> Exercise description
Copy the lines below exactly, starting at the one with "Bà Harris có" and ending at the one with "近日,國際權(quán)威物", and leave out any picture.

> Data provided
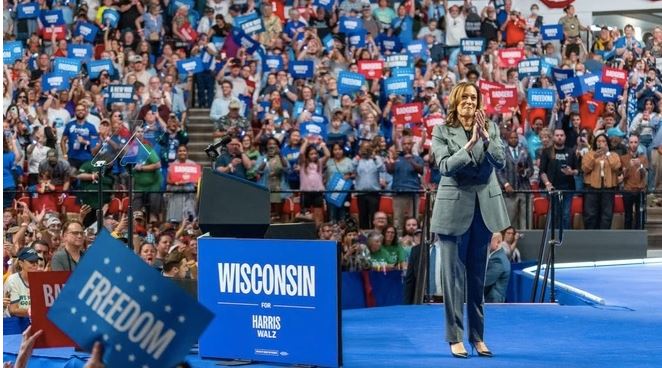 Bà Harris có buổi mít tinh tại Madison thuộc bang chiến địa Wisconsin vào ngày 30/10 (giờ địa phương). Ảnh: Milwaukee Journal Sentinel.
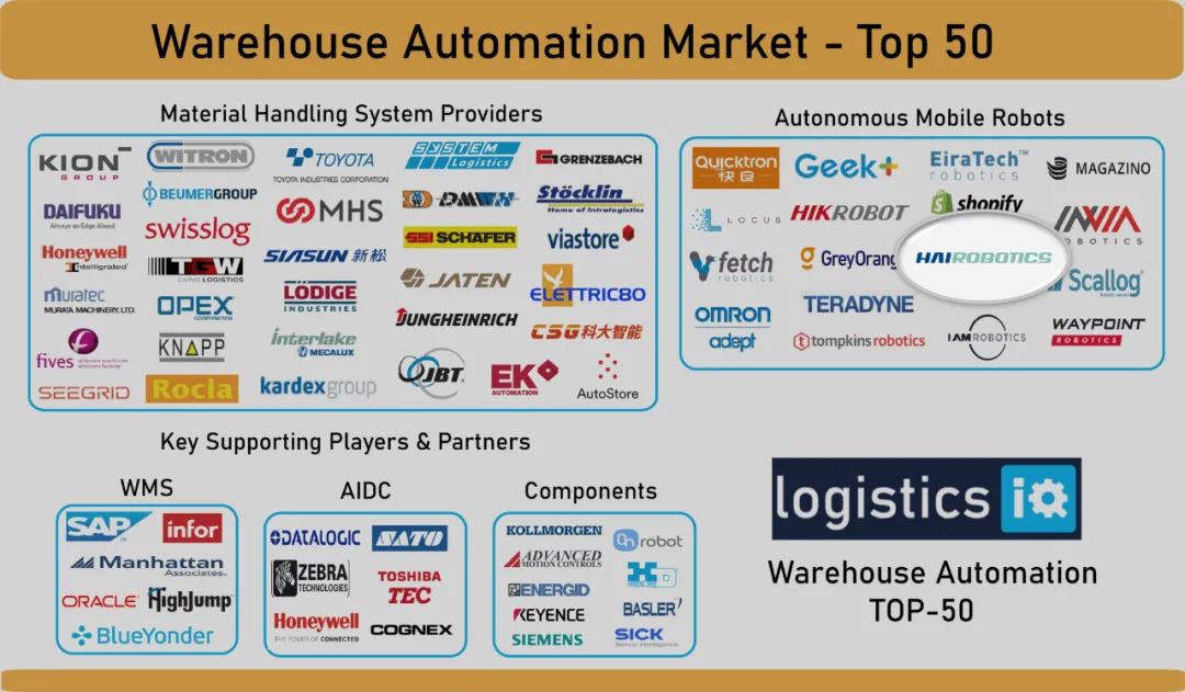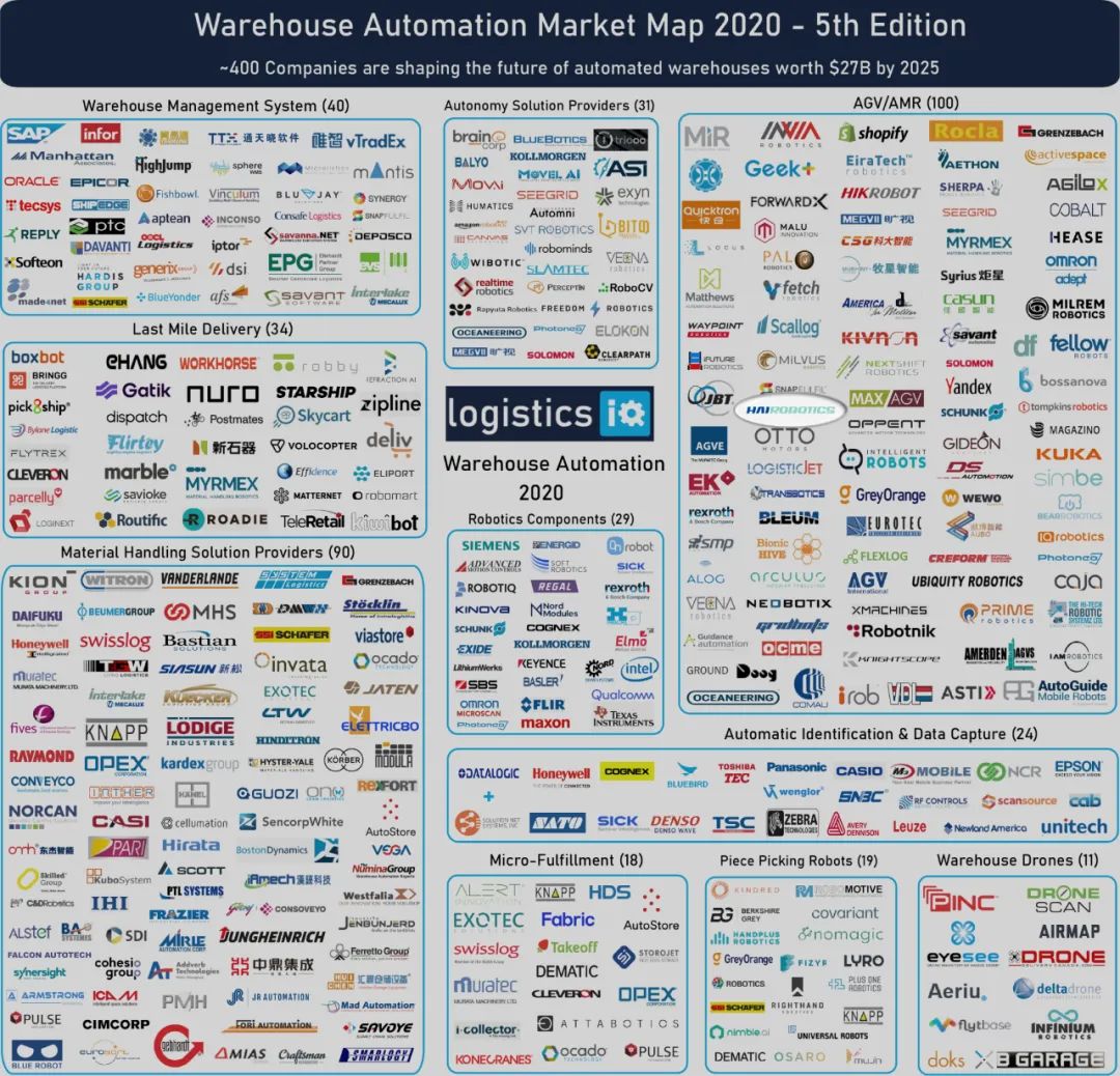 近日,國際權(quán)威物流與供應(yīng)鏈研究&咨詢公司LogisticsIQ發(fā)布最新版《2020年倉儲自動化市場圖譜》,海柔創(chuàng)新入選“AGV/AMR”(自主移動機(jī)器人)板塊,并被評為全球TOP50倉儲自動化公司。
---
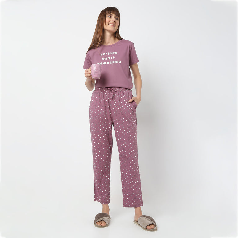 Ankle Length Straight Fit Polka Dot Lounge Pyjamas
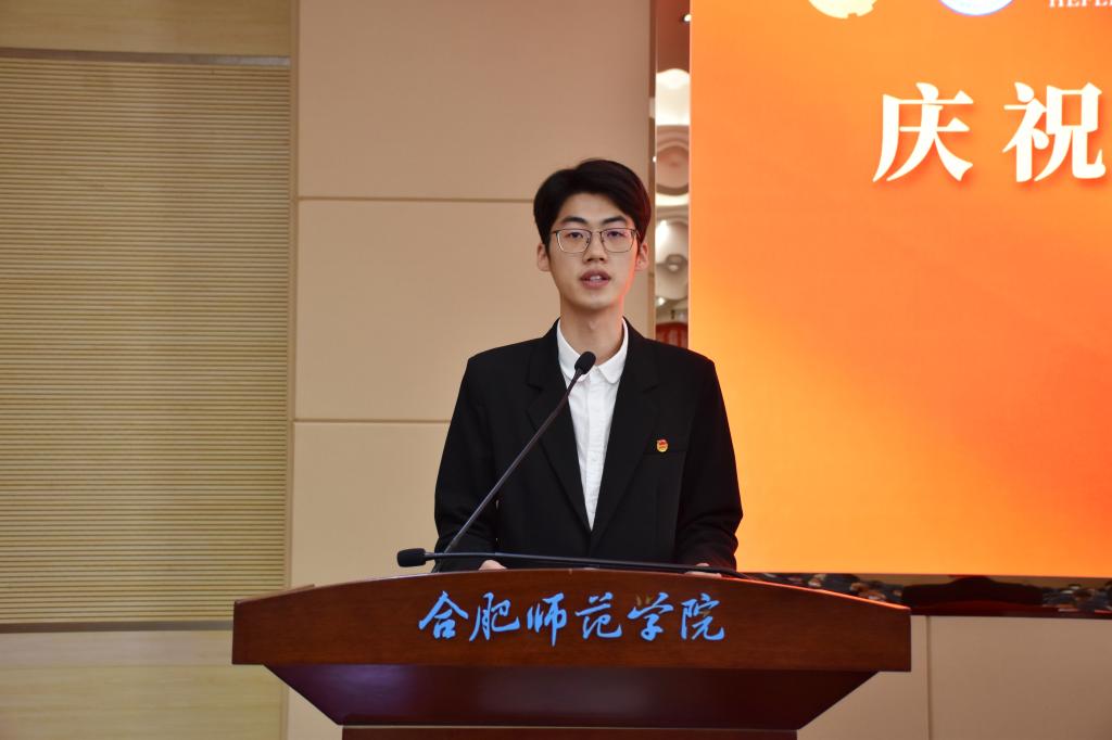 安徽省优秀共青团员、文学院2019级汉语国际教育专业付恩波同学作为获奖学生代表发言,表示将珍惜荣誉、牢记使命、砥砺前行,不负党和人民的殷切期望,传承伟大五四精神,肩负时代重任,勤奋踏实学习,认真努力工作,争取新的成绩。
* * *
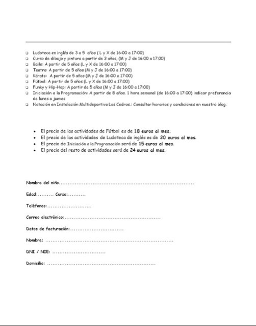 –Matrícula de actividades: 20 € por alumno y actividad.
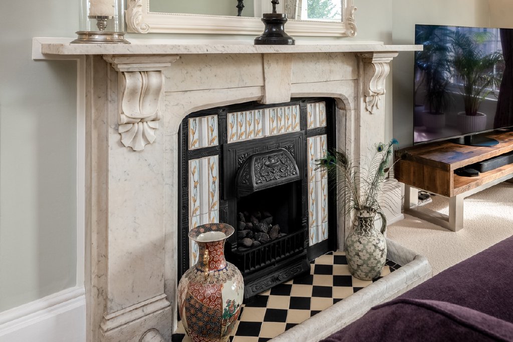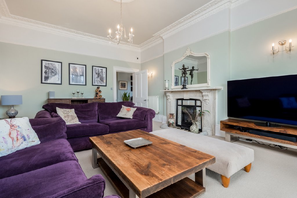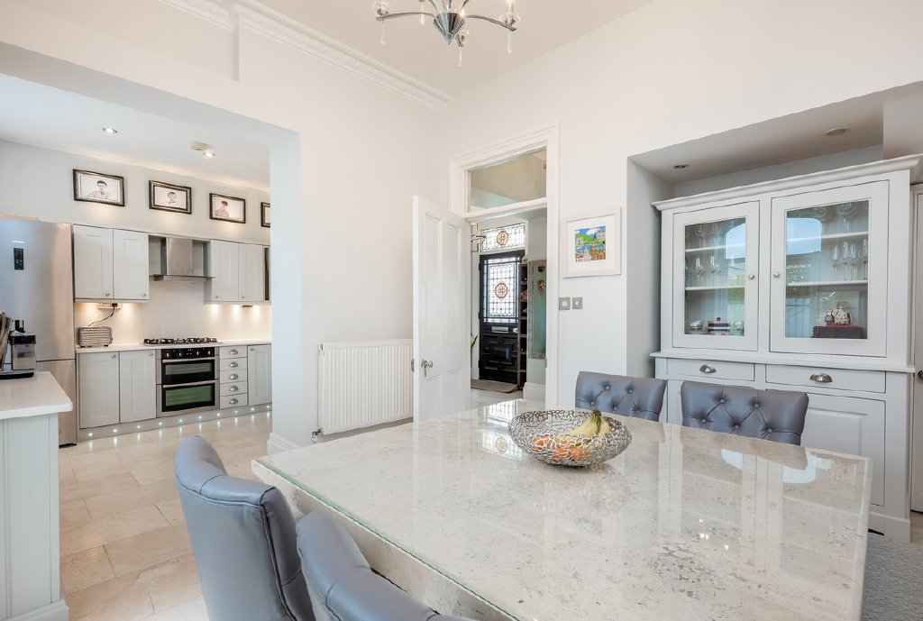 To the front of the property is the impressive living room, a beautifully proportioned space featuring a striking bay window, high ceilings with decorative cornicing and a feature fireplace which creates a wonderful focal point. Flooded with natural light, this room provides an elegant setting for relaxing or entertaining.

> Completed exercise
 Bà Harris có buổi mít tinh tại Madison thuộc bang chiến địa Wisconsin vào ngày 30/10 (giờ địa phương). Ảnh: Milwaukee Journal Sentinel.
 近日,國際權(quán)威物流與供應(yīng)鏈研究&咨詢公司LogisticsIQ發(fā)布最新版《2020年倉儲自動化市場圖譜》,海柔創(chuàng)新入選“AGV/AMR”(自主移動機(jī)器人)板塊,并被評為全球TOP50倉儲自動化公司。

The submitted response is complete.